• Excerpted records
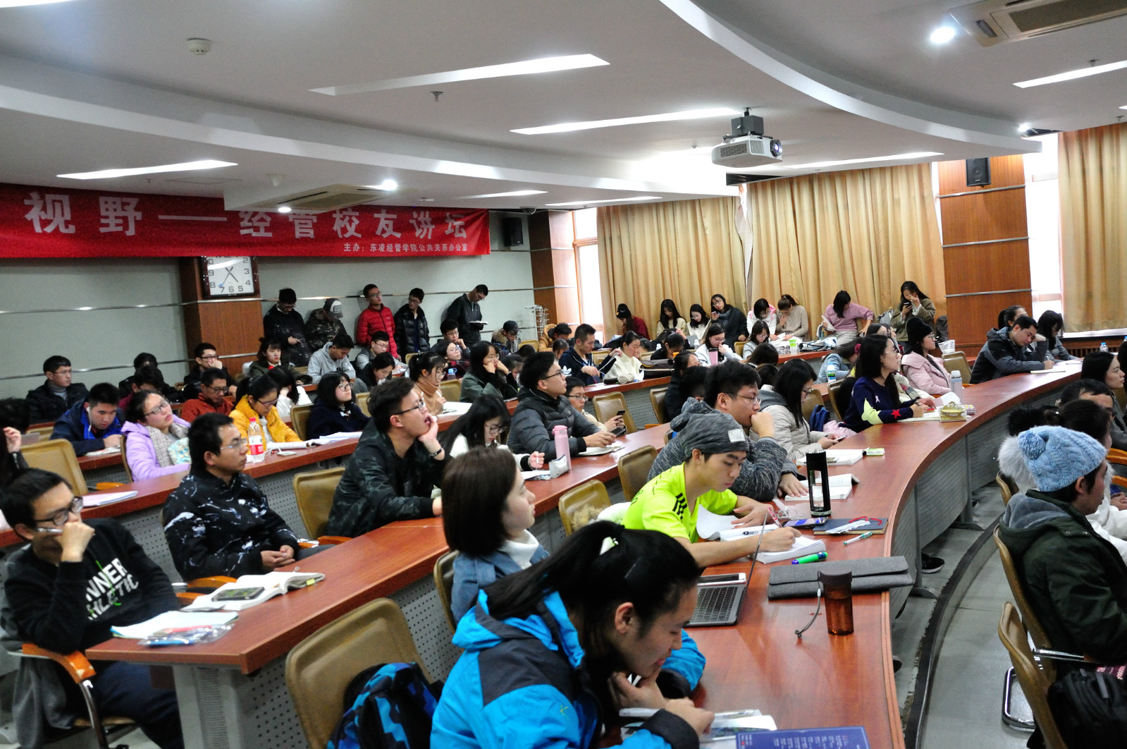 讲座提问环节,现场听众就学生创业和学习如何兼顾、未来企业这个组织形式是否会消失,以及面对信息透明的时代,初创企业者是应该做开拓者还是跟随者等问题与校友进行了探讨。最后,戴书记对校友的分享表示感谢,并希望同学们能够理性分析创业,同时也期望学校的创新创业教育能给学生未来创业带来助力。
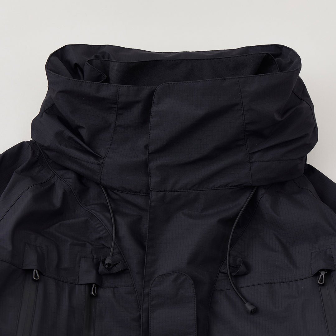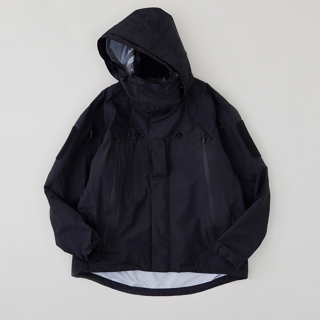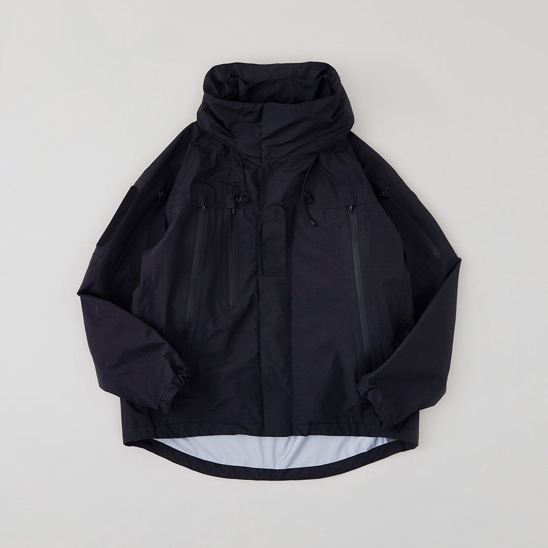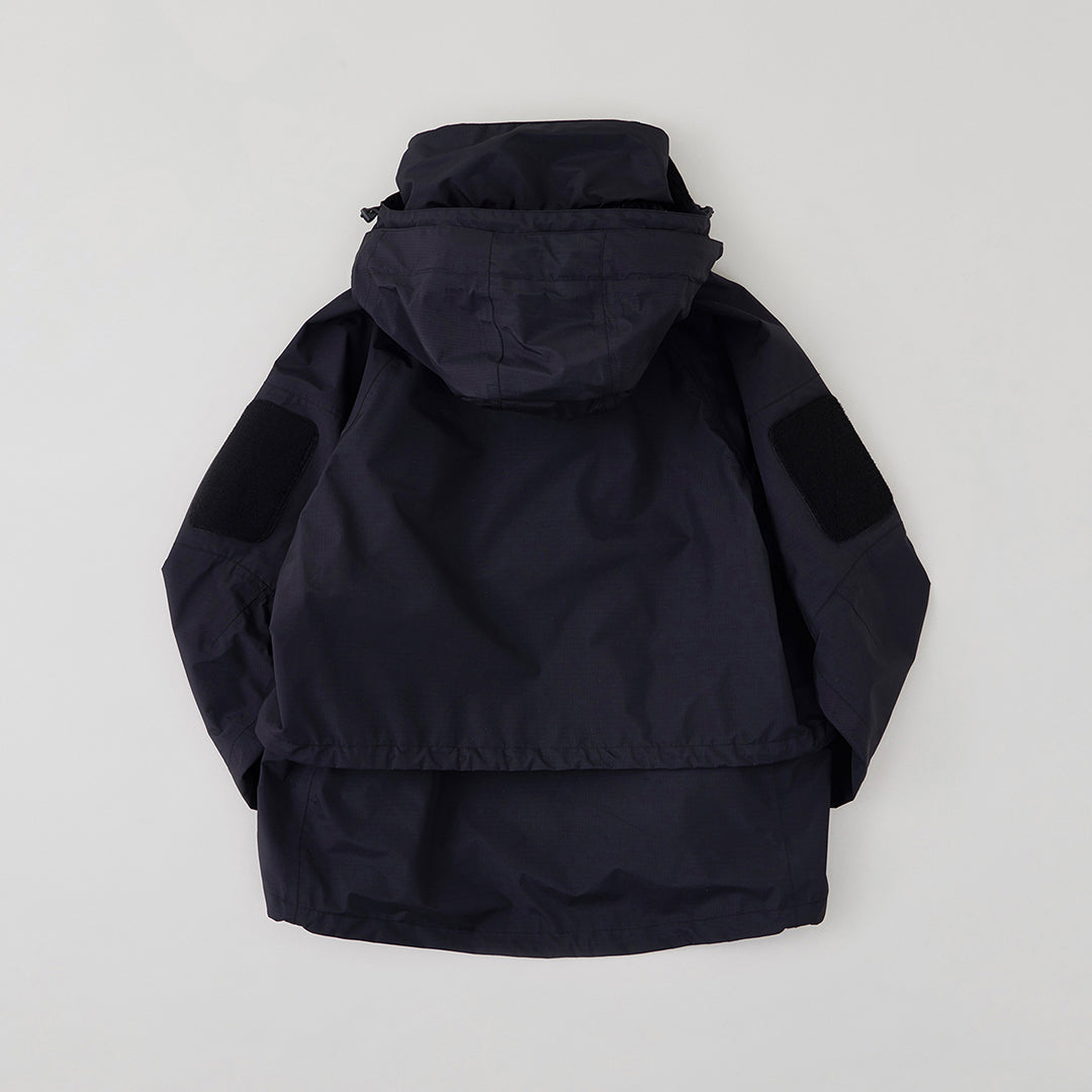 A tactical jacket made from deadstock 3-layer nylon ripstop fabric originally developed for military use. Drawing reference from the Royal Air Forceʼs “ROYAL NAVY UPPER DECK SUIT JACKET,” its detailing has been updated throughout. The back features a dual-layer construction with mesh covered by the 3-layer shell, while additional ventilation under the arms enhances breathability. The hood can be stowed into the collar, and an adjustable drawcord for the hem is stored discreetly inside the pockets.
...
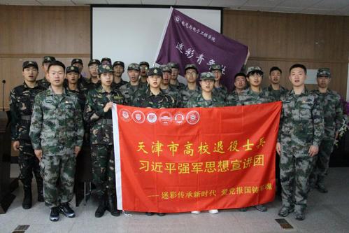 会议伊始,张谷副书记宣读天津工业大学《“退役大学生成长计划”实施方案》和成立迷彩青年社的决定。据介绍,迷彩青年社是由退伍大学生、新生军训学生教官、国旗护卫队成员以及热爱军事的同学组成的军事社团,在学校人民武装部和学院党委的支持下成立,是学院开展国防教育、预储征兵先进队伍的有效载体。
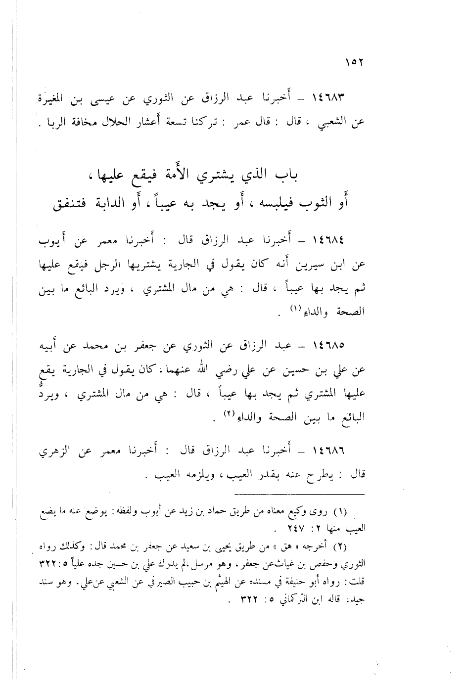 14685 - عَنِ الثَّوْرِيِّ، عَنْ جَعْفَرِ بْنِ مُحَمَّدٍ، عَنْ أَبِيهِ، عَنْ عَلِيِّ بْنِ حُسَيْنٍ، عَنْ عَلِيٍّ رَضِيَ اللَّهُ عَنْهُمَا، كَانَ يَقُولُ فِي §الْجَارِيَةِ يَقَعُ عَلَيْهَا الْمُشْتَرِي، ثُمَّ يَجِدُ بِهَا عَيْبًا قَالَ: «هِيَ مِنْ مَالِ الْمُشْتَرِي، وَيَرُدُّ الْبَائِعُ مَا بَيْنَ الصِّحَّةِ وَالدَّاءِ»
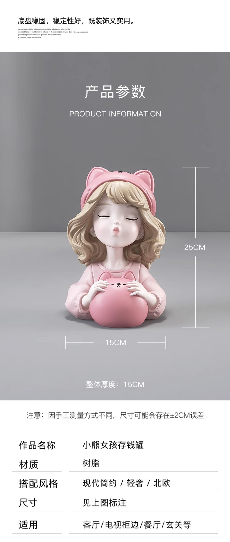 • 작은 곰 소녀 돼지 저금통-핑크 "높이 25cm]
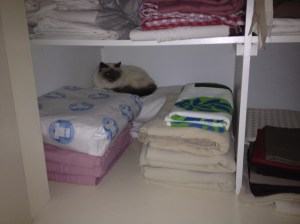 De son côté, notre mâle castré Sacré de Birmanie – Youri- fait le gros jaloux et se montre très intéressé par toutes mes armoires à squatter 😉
==
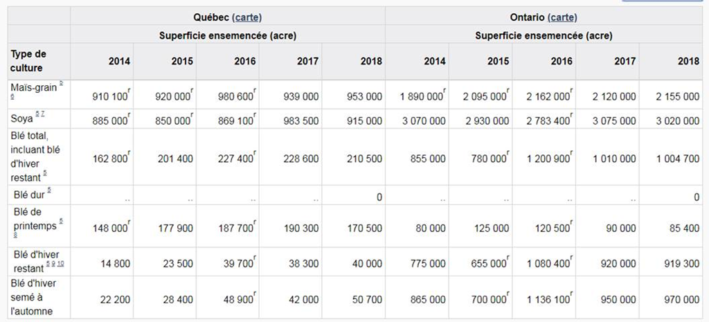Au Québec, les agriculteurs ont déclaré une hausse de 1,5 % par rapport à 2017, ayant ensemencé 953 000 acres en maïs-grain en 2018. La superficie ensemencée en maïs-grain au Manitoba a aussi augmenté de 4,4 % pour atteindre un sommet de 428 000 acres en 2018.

• Task instructions
Would you output only the span of the records above that opens with the line containing "소녀 돼지 저금통-핑크" and closes with the line containing "De son côté, notre", ends included and pictures dropped?

• Task answer
 • 작은 곰 소녀 돼지 저금통-핑크 "높이 25cm]
 De son côté, notre mâle castré Sacré de Birmanie – Youri- fait le gros jaloux et se montre très intéressé par toutes mes armoires à squatter 😉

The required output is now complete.